= Assignment =
Find the line containing "136 - حَدَّثَنَا", then return it and every line after it through the end of the records, exactly. Leave out pictures.

= Data for processing =
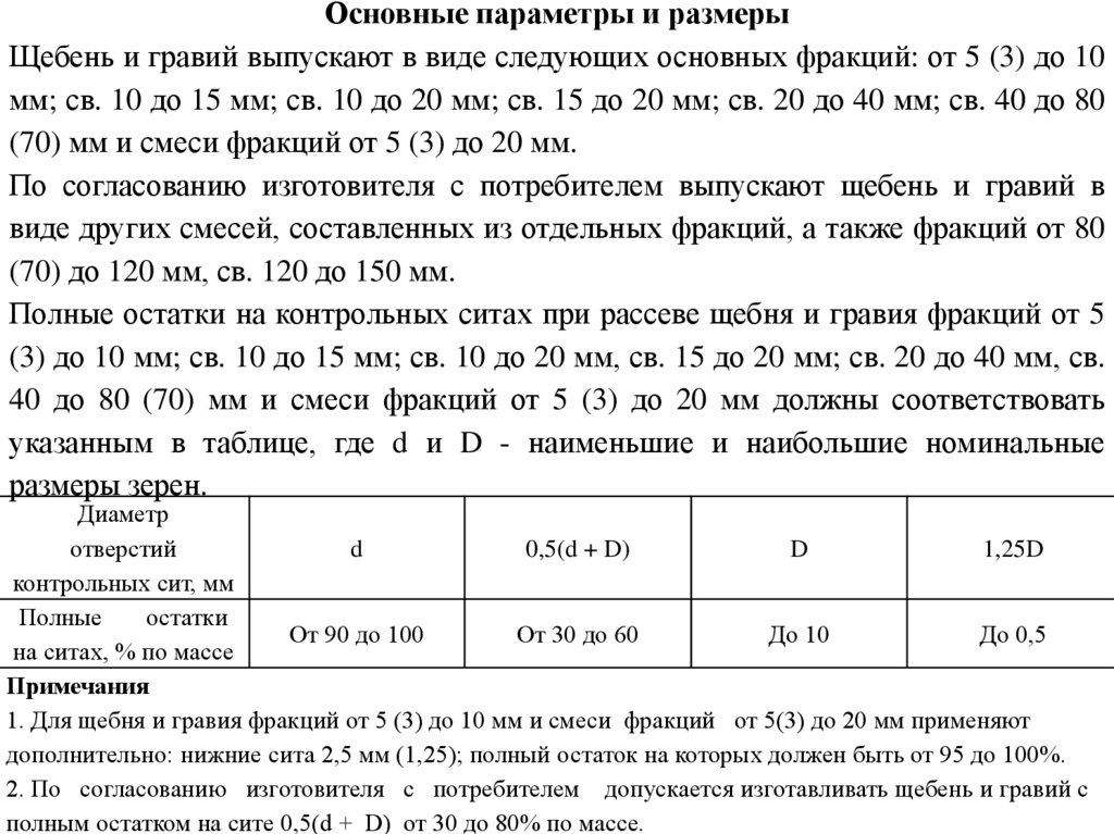 Основные параметры и размерыЩебень и гравий выпускают в виде следующих основных фракций: от 5 (3) до 10
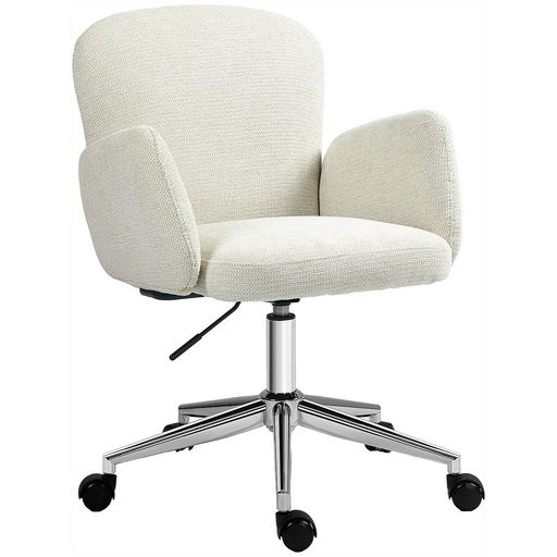 Chaise de bureau design ergonomique réglable pivotante piètement chromé aspect lin écru
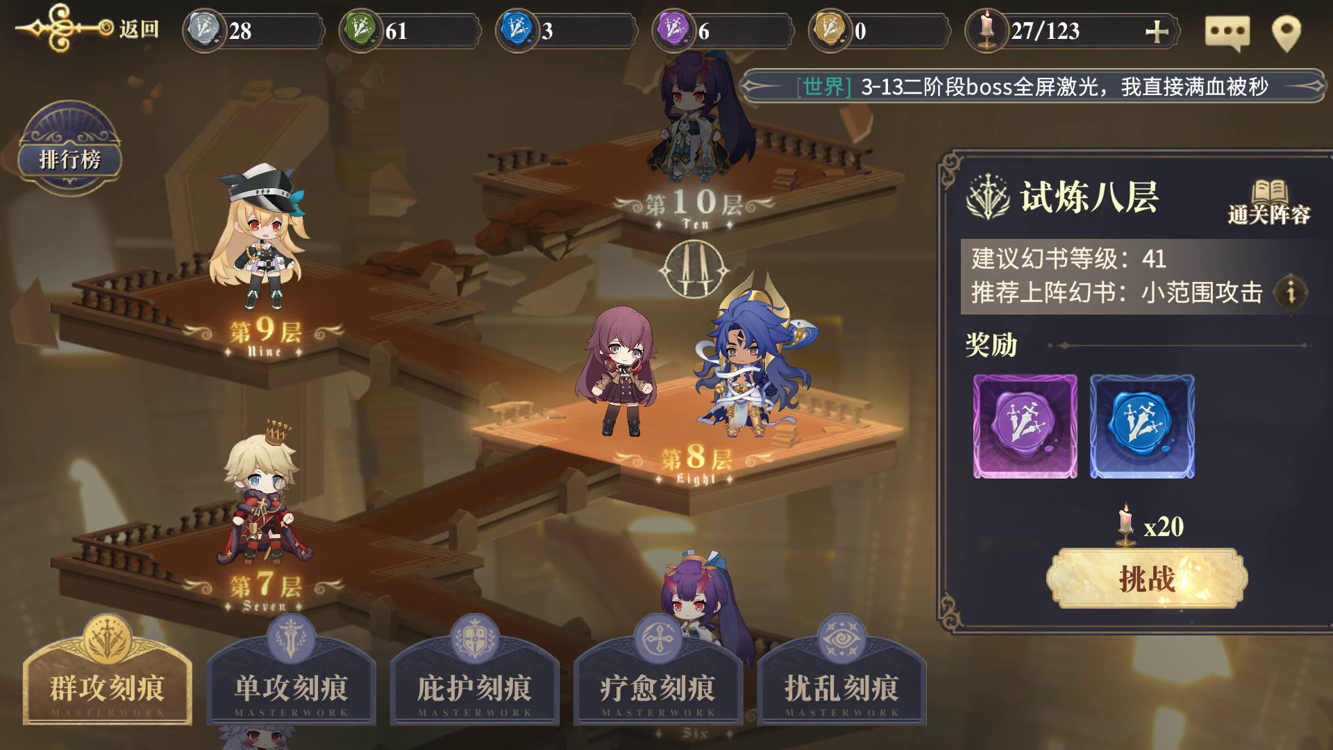 归位机制不会被援助触发所以手动一下还是挺好过的,前排死就死了狐狸不死就行。保证狐狸能活12回合放出两次大招,并且能清场,只提供思路剩下的自己改吧
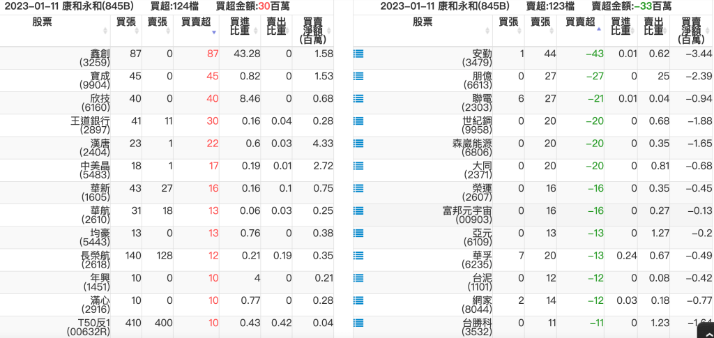 2023-0111關鍵券商買賣超 2023-01-12 股狗網小編 籌碼面每日資訊 發表留言 投資達人APP上線囉!!!『安裝APP』: 關鍵券商買賣超: 臺銀證券(1040): 台灣摩根士丹利(1470): 凱基台北(9268): 凱基信義(9216): 元大土城永寧(9875): 康和永和(845B) : 富邦建國(9658): 免責宣言 本網站文章所提供資訊僅供參考,並無任何推介買賣之意,投資人應自行承擔交易風險。 分享此文: 按一下即可分享至 X(在新視窗中開啟) X 按一下以分享至 Facebook(在新視窗中開啟) Facebook 喜歡 正在載入...
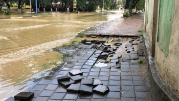 Так, дорога от СРЗ перекрыта. Проезжая часть у исполкома затоплена, легковой автомобиль не пройдет. Рабочие чистят левнёвки, говорят, что с утра здесь столько воды не было. У торгового порта вода, по сравнению с ночью, сходит. Но проезд все еще перекрыт. Пройти и не намокнуть не получится - вода суть ниже колена. Здесь и арбузы, которые потоком принесло с оптового рынка.
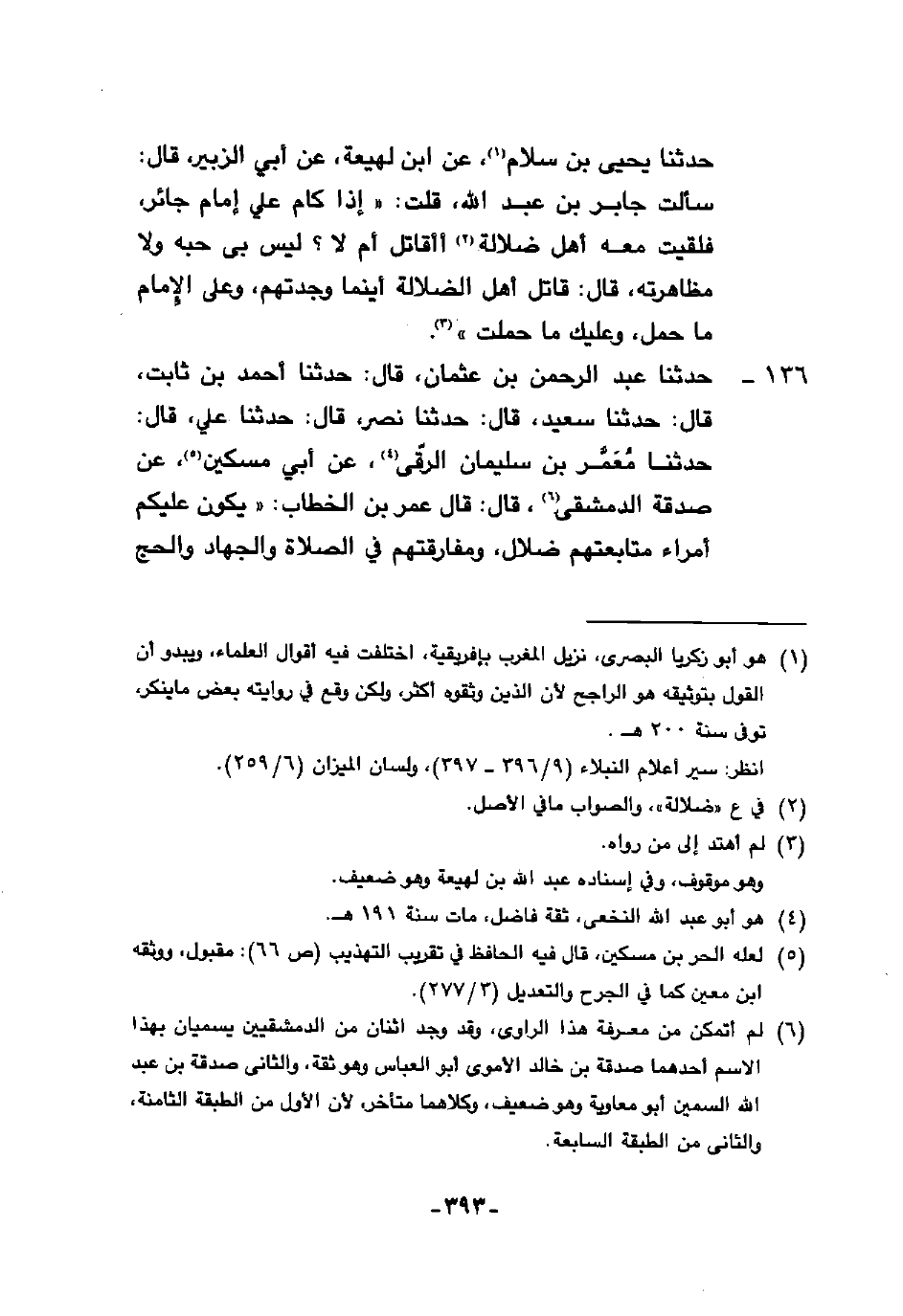 136 - حَدَّثَنَا عَبْدُ الرَّحْمَنِ بْنُ عُثْمَانَ، قَالَ: حَدَّثَنَا أَحْمَدُ بْنُ ثَابِتٍ، قَالَ: حَدَّثَنَا سَعِيدٌ، قَالَ: حَدَّثَنَا نَصْرٌ، قَالَ: حَدَّثَنَا عَلِيٌّ، قَالَ: حَدَّثَنَا مَعْمَرُ بْنُ سُلَيْمَانَ الرَّقِّيُّ، عَنْ أَبِي مِسْكِينٍ، عَنْ صَدَقَةَ الدِّمَشْقِيِّ، قَالَ: قَالَ عُمَرُ بْنُ الْخَطَّابِ: §يَكُونُ عَلَيْكُمْ أُمَرَاءُ مُتَابَعَتُهُمْ ضَلَالٌ، وَمُفَارَقَتُهُمْ فِي الصَّلَاةِ وَالْجِهَادِ وَالْحَجِّ كُفْرٌ "
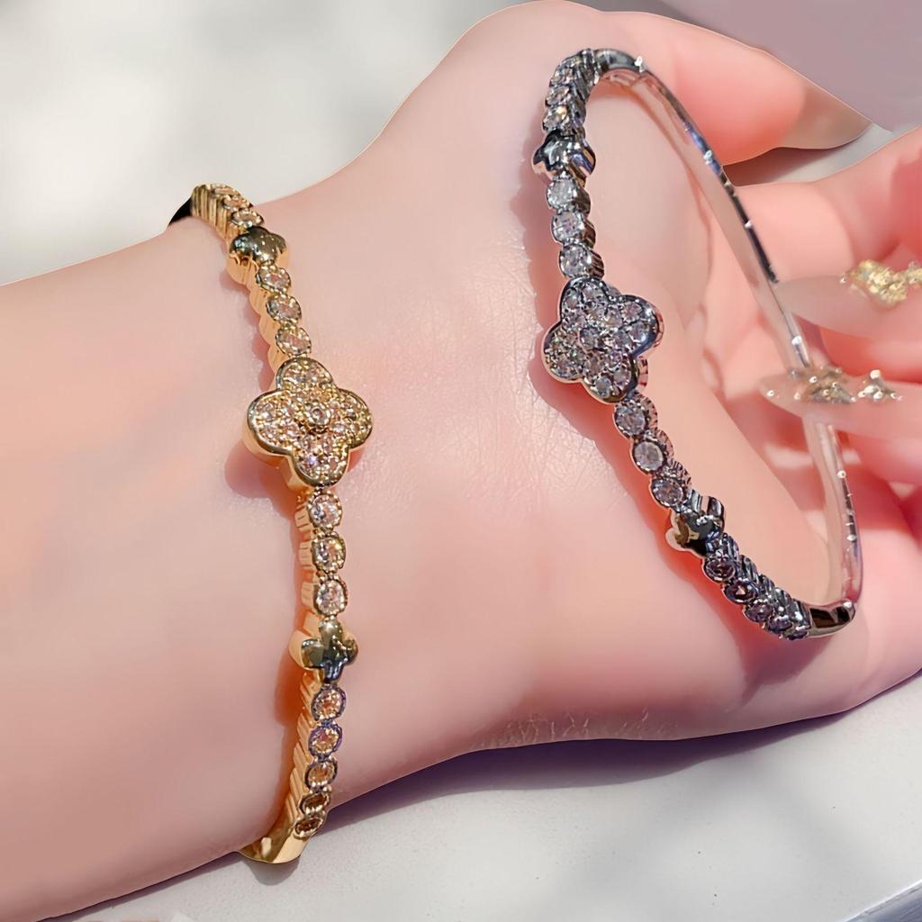 Luxurious Four-Leaf Clover Plated Bracelet - Elegant, Versatile, and Fashionable Openwork Design
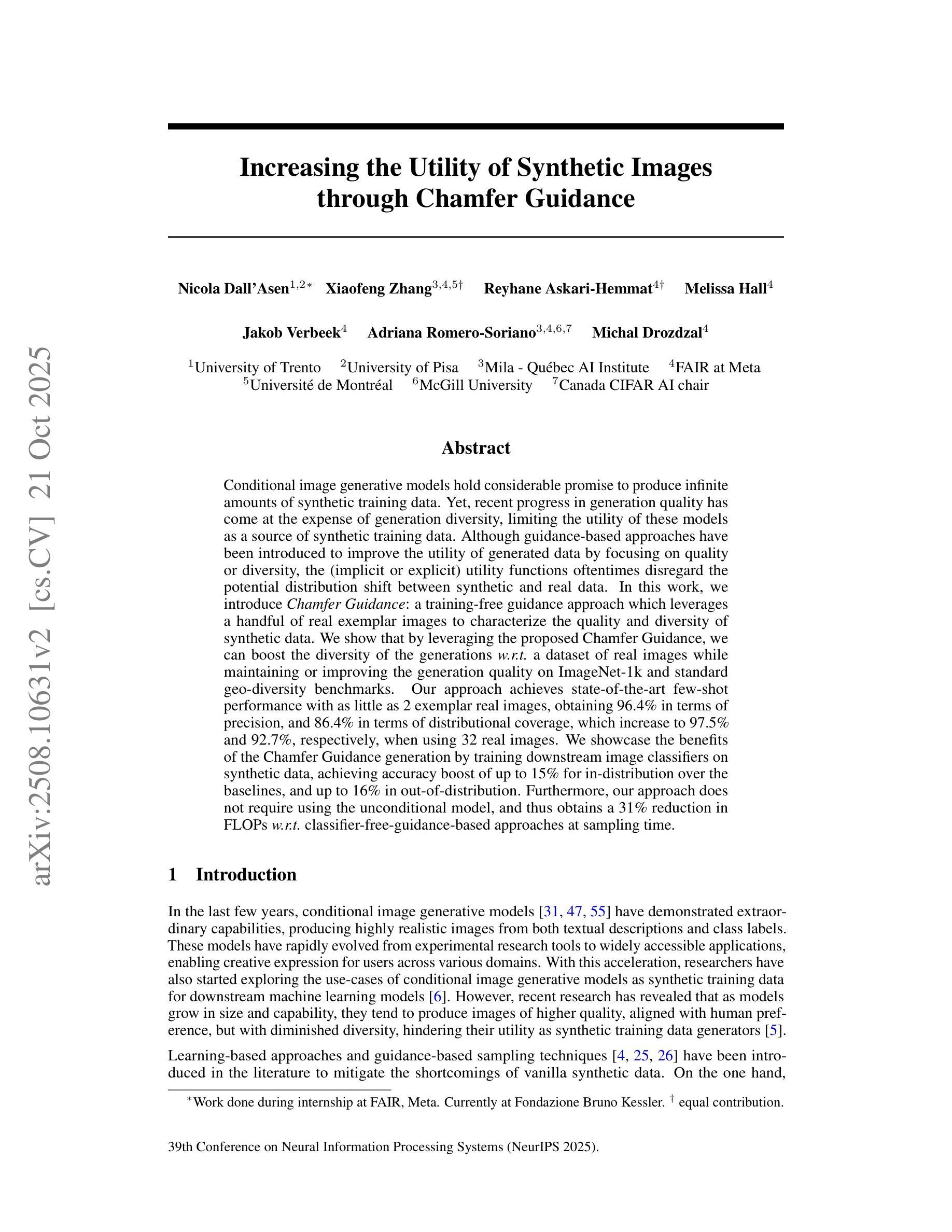 条件图像生成模型具有产生无限合成训练数据的巨大潜力。然而,生成质量方面的最新进展却是以牺牲生成多样性为代价的,这限制了这些模型作为合成训练数据源的有效性。虽然基于引导的方法已经被引入,通过关注质量或多样性来提高生成数据的有效性,但(隐式或显式)效用函数通常忽略了合成数据和真实数据之间潜在的分发转移。在这项工作中,我们引入了Chamfer Guidance:一种无需训练的引导方法,它利用少量真实示例图像来表征合成数据的质量和多样性。我们表明,通过利用提出的Chamfer Guidance,我们可以在面对真实图像数据集时提高生成的多样性,同时在ImageNet-1k和标准地理多样性基准测试上保持或提高生成质量。我们的方法仅需几张真实示例图像即可实现最先进的少量性能,在精确度为96.4%和数据分布覆盖率为86.4%的情况下取得领先地位,在使用32张真实图像时,这些数字分别提高到97.5%和92.7%。我们通过训练合成数据上的下游图像分类器来展示Chamfer Guidance生成的优势,在内部和外部数据分布方面分别实现了最多高达15%和高达16%的准确度提升。此外,我们的方法不需要使用无条件模型,因此在采样时间方面与使用无分类引导法的方法相比,实现了高达31%的浮点运算减少。
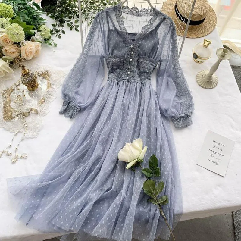 Addition Information of Coreano Vintage vestido de las mujeres de primavera y otoño 2021 moda Vestido de manga larga de una sola pieza elegante señoras vestido de fiesta vestidos
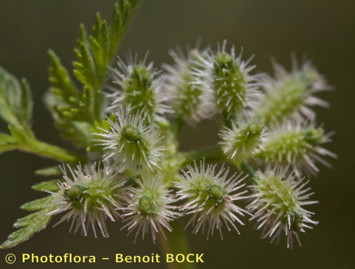 Äußere Früchte mit geraden, an der Spitze widerhakigen, kräftigen Stacheln, teilweise ohne Stacheln, innere Früchte warzig, meist ohne Stacheln
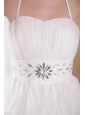 Home >  Prom Dresses >  Discount Prom Dresses > White A-Line / Princess Halter Brush Train Taffeta and Organza Rhinestones Prom Dress

= Response to the exercise =
 136 - حَدَّثَنَا عَبْدُ الرَّحْمَنِ بْنُ عُثْمَانَ، قَالَ: حَدَّثَنَا أَحْمَدُ بْنُ ثَابِتٍ، قَالَ: حَدَّثَنَا سَعِيدٌ، قَالَ: حَدَّثَنَا نَصْرٌ، قَالَ: حَدَّثَنَا عَلِيٌّ، قَالَ: حَدَّثَنَا مَعْمَرُ بْنُ سُلَيْمَانَ الرَّقِّيُّ، عَنْ أَبِي مِسْكِينٍ، عَنْ صَدَقَةَ الدِّمَشْقِيِّ، قَالَ: قَالَ عُمَرُ بْنُ الْخَطَّابِ: §يَكُونُ عَلَيْكُمْ أُمَرَاءُ مُتَابَعَتُهُمْ ضَلَالٌ، وَمُفَارَقَتُهُمْ فِي الصَّلَاةِ وَالْجِهَادِ وَالْحَجِّ كُفْرٌ "
 Luxurious Four-Leaf Clover Plated Bracelet - Elegant, Versatile, and Fashionable Openwork Design
 条件图像生成模型具有产生无限合成训练数据的巨大潜力。然而,生成质量方面的最新进展却是以牺牲生成多样性为代价的,这限制了这些模型作为合成训练数据源的有效性。虽然基于引导的方法已经被引入,通过关注质量或多样性来提高生成数据的有效性,但(隐式或显式)效用函数通常忽略了合成数据和真实数据之间潜在的分发转移。在这项工作中,我们引入了Chamfer Guidance:一种无需训练的引导方法,它利用少量真实示例图像来表征合成数据的质量和多样性。我们表明,通过利用提出的Chamfer Guidance,我们可以在面对真实图像数据集时提高生成的多样性,同时在ImageNet-1k和标准地理多样性基准测试上保持或提高生成质量。我们的方法仅需几张真实示例图像即可实现最先进的少量性能,在精确度为96.4%和数据分布覆盖率为86.4%的情况下取得领先地位,在使用32张真实图像时,这些数字分别提高到97.5%和92.7%。我们通过训练合成数据上的下游图像分类器来展示Chamfer Guidance生成的优势,在内部和外部数据分布方面分别实现了最多高达15%和高达16%的准确度提升。此外,我们的方法不需要使用无条件模型,因此在采样时间方面与使用无分类引导法的方法相比,实现了高达31%的浮点运算减少。
 Addition Information of Coreano Vintage vestido de las mujeres de primavera y otoño 2021 moda Vestido de manga larga de una sola pieza elegante señoras vestido de fiesta vestidos
 Äußere Früchte mit geraden, an der Spitze widerhakigen, kräftigen Stacheln, teilweise ohne Stacheln, innere Früchte warzig, meist ohne Stacheln
 Home >  Prom Dresses >  Discount Prom Dresses > White A-Line / Princess Halter Brush Train Taffeta and Organza Rhinestones Prom Dress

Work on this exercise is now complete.